No Stranger Than Fiction

No Stranger Than Fiction

Ian McEwan’s novella Amsterdam is just too tempting a morsel not to discuss, especially since one of its major protagonists is a composer.

Written By

Colin Holter

Hey, look, I know that reviewing a year-old book isn’t an acceptable way to meet a word count, even on the internet. It’s even less excusable when the book in question was laurelled with a Man Booker prize and lavished with widespread critical and public attention. But Ian McEwan’s novella Amsterdam is just too tempting a morsel not to discuss, especially since one of its major protagonists is a composer.

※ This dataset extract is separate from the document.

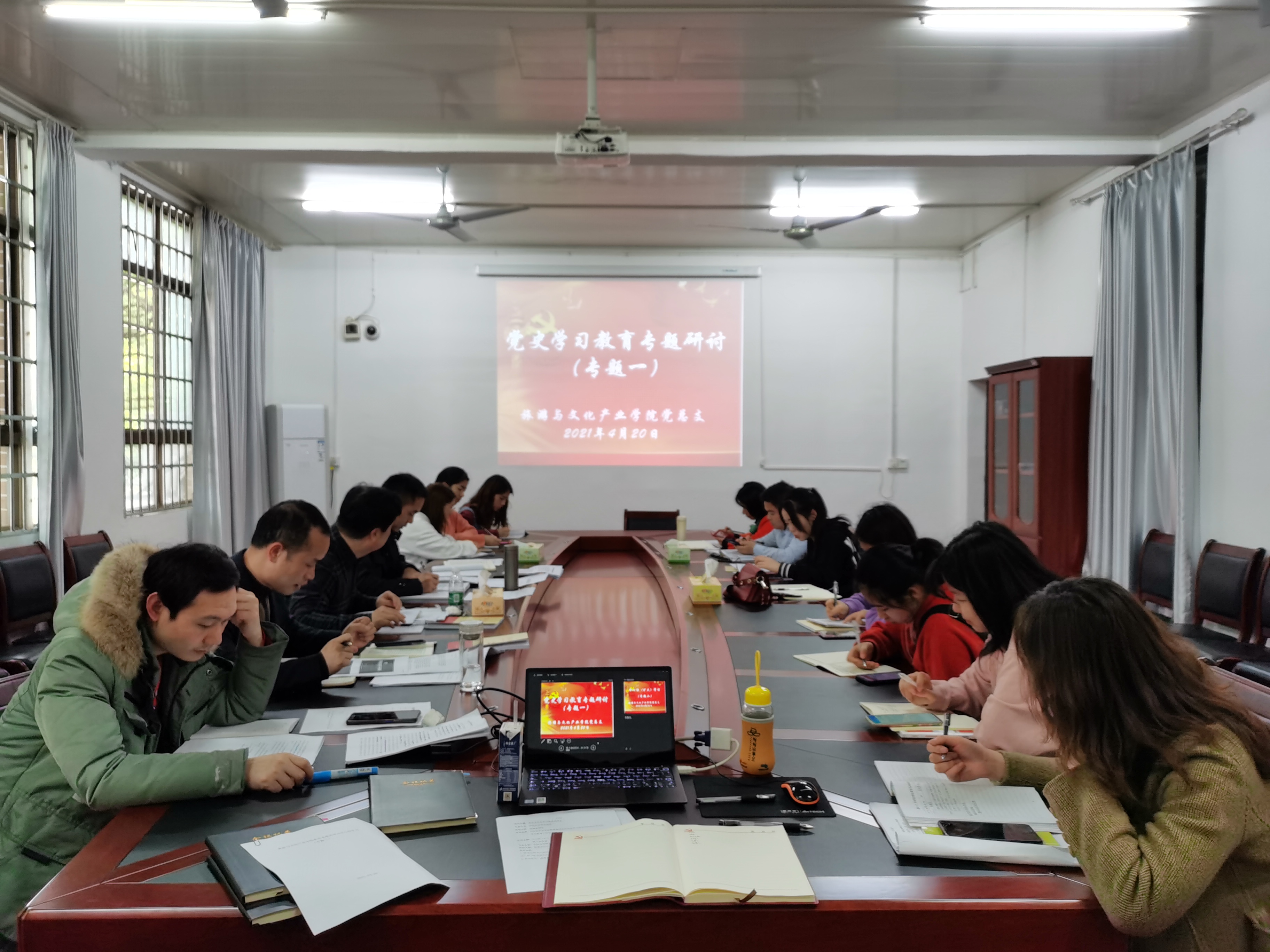 在党史学习教育第一次专题研讨学习中,学院党总支副书记、副院长潘清远领学了习近平总书记在党史学习教育动员大会上的讲话以及《论中国共产党历史》,杨再喜同志等做个人学习体会发言。

McEwan must have sat down with a composer or two before he set pen to paper, because he absolutely nails Clive Linley, the self-styled heir to Ralph Vaughan Williams commissioned in 1998 to write a symphonic work commemorating the new millennium. At times McEwan seems to be paying homage to Doktor Faustus, another famous composer novel, but much of the fun of Amsterdam is in distinguishing the moments when McEwan chooses to indulge in the large-R Romanticism of the tortured, driven artist from the moments when he skewers those tropes mercilessly and his book reads like a parody of Thomas Mann’s.

Linley is a dyed-in-the-wool traditionalist, a “thinking man’s Gorecki” who rails against the radical musical currents of the 20th century. I don’t know how McEwan expected readers to react to this characterization; naturally I developed an immediate antipathy—how could I possibly sympathize with someone who gets hugely lucrative orchestra commissions and cadges melodies from Beethoven? But Linley, of course, is prey to the same unreasonable insecurities and endorphin-fueled ego trips that the rest of us deal with, and McEwan’s real achievement here is capturing these psychological fluctuations so deftly.

At any rate, Amsterdam is a quick and terrifically enjoyable read—dark, often funny, sometimes very moving. If uncomfortably foible-ridden characters in dire interpersonal straits entertain you, McEwan’s fiction is worth checking out; this tale is all the more gripping because it’s about us.